Leonardo Casanova

Personal information
- Full name: Leonardo Casanova Díaz
- Date of birth: 6 February 1985 (age 41)
- Place of birth: Tuxtla Gutiérrez, Mexico
- Height: 1.80 m (5 ft 11 in)
- Position: Defender

Senior career*
- Years: Team / Apps / (Gls)
- 2004: Jaguares de Tapachula / 3 / (0)
- 2006: Petroleros de Salamanca / 1 / (0)
- 2007–2008: Jaguares A / 25 / (2)
- 2008–2009: Irapuato / 40 / (1)
- 2011–2012: Cruz Azul Hidalgo / 14 / (1)
- 2012–2013: Irapuato / 5 / (0)

Managerial career
- 2020: Cafetaleros de Chiapas

= Leonardo Casanova =

Mexican footballer and manager (born 1985)

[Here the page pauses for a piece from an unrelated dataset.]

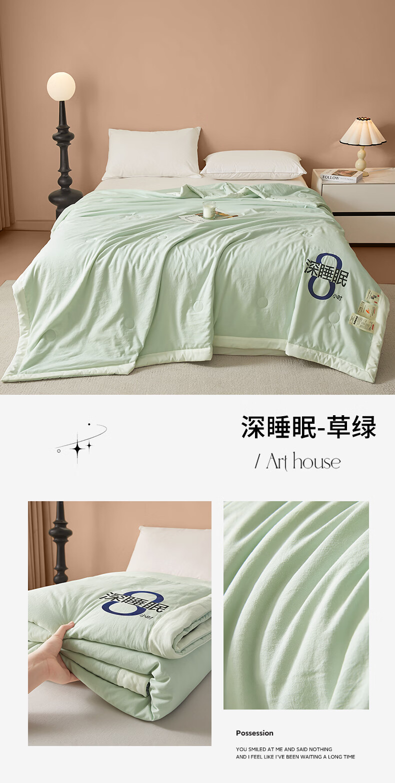 苏萱2026新款热卖水洗冰丝夏被四件套夏季夏凉被空调被可机水洗单双人 亚丁绿+冰川灰 单人夏被-150*200cm

Leonardo Casanova Díaz (born February 6, 1985) is a Mexican football manager and former player. He was born in Tuxtla Gutiérrez. He is the brother of the professional football player, Miguel Ángel Casanova.

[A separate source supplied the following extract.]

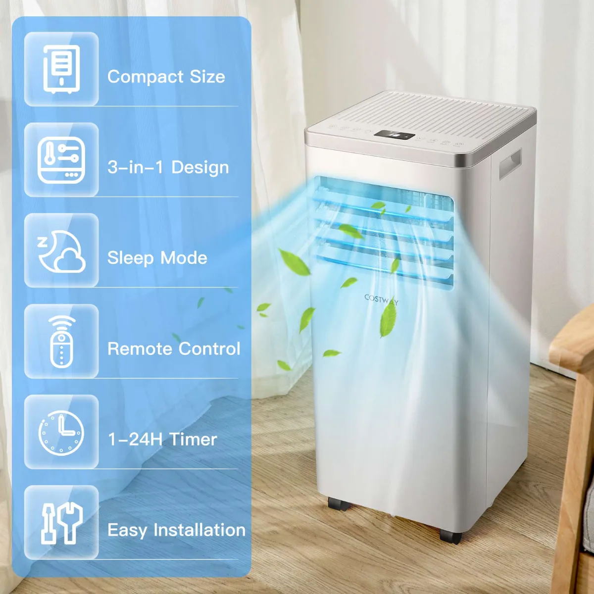 Onze draagbare airconditioner biedt 3 werkingsstanden, 24 uur timer en 2 windsnelheden, die aan uw verschillende behoeften voldoen. Ook is de speciale slaapstand van deze AC-eenheid in staat om de mogelijkheid van het krijgen van koud te verminderen. Gebruikers kunnen de luchtkoeler instellen via het bedieningspaneel of de afstandsbediening. Bovendien is de airconditioner ontworpen met verzonken handvat en wielen voor eenvoudige verplaatsing. Uitgerust met kinderslot functie, onze airconditioner is perfect voor gezinnen met kinderen. Bovendien is de installatie aan het raam eenvoudig met behulp van de instructies en de meegeleverde raamkit en andere accessoires.

During his career as a professional footballer, he played on the teams Jaguares de Tapachula, Petroleros de Salamanca, Irapuato and Cruz Azul Hidalgo.

In 2015, Casanova was appointed as CEO of Cafetaleros de Tapachula. On February 25, 2020, he was appointed as new Cafetaleros de Chiapas manager.